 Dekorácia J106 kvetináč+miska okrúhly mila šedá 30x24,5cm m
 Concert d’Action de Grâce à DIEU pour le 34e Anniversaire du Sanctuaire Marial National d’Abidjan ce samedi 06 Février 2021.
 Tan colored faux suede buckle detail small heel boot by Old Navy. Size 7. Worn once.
__________________________________________________
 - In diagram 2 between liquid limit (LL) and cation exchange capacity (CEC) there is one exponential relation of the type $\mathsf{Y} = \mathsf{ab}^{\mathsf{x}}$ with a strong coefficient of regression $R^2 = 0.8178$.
__________________________________________________
### [WORK ITEM]
Beginning at the line with "Dekorácia J106 kvetináč+miska" and ending at the line with "Tan colored faux", reproduce each line of the data above exactly, and add no other lines.

### [WRITTEN RESPONSE]
 Dekorácia J106 kvetináč+miska okrúhly mila šedá 30x24,5cm m
 Concert d’Action de Grâce à DIEU pour le 34e Anniversaire du Sanctuaire Marial National d’Abidjan ce samedi 06 Février 2021.
 Tan colored faux suede buckle detail small heel boot by Old Navy. Size 7. Worn once.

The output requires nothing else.